In terms of being able to control this process, Miller says that the best way would be to create an AI that only wanted to modify itself in ways we would approve.
“So if you create an AI that has a terminal value of friendliness to humanity, the AI would not want to change itself in a way that caused it to be unfriendly to humanity,” he says. “This way as the AI got smarter, it would use its enhanced intelligence to increase the odds that it did not change itself in a manner that harms us.”
Fast or Slow?
As noted earlier, a recursively improving AI could increase its intelligence extremely quickly. Or, it’s a process that could take time for various reasons, such as technological complexity or limited access to resources. It’s an open question as to whether or not we can expect a fast or slow take-off event.
“I’m a believer in the fast take-off version of the intelligence explosion,” says Barrat. “Once a self-aware, self-improving AI of human-level or better intelligence exists, it’s hard to know how quickly it will be able to improve itself. Its rate of improvement will depend on its software, hardware, and networking capabilities.”
But to be safe, Barrat says we should assume that the recursive self-improvement of an AGI will occur very rapidly. As a computer it will wield computer superpowers — the ability to run 24/7 without pause, rapidly access vast databases, conduct complex experiments, perhaps even clone itself to swarm computational problems, and more.
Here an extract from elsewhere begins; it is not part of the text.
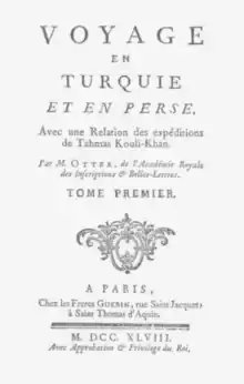 Jonas (Jean) Otter (Kristianstad, Sweden, October 1707 – Paris, September 1748) was a Swedish traveler in the Ottoman and Persian Empires, known for his book Voyage en Turquie et en Perse, avec une Relation des Expeditions de Tahmas-Kouli-Khan (1748),[1] based on his ten years in the Middle East.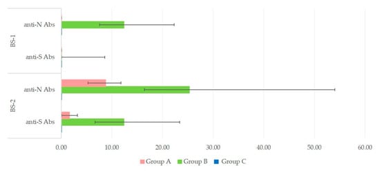 In group A, titers were low at BS-1 and increased at BS-2 for both anti-N and anti-S antibodies: from 0.08 (0.08–0.08) to 8.80 (5.30–11.80) and 1.65 (0.08–4.20), respectively (

“From there, the AGI would be interested in pursuing whatever goals it was programmed with — such as research, exploration, or finance. According to AI theorist Steve Omohundro’s Basic Drives analysis, self-improvement would be a sure-fire way to improve its chances of success,” says Barrat. “So would self-protection, resource acquisition, creativity, and efficiency. Without a provably reliable ethical system, its drives would conflict with ours, and it would pose an existential threat.”
“I think shortly after an AI achieves human level intelligence it will upgrade itself to super intelligence,” he told me. “At the very least the AI could make lots of copies of itself each with a minor different change and then see if any of the new versions of itself were better. Then it could make this the new ‘official’ version of itself and keep doing this. Any AI would have to fear that if it doesn’t quickly upgrade another AI would and take all of the resources of the universe for itself.”
Which bring up a point that’s not often discussed in AI circles — the potential for AGIs to compete with other AGIs. If even a modicum of self-preservation is coded into a strong artificial intelligence (and that sense of self-preservation could be the detection of an obstruction to its terminal value), it could enter into a lightning-fast arms race along those verticals designed to ensure its ongoing existence and future freedom-of-action. And in fact, while many people fear a so-called “robot apocalypse” aimed directly at extinguishing our civilisation, I personally feel that the real danger to our ongoing existence lies in the potential for us to be collateral damage as advanced AGIs battle it out for supremacy; we may find ourselves in the line of fire. Indeed, building a safe AI will be a monumental — if not intractable — task.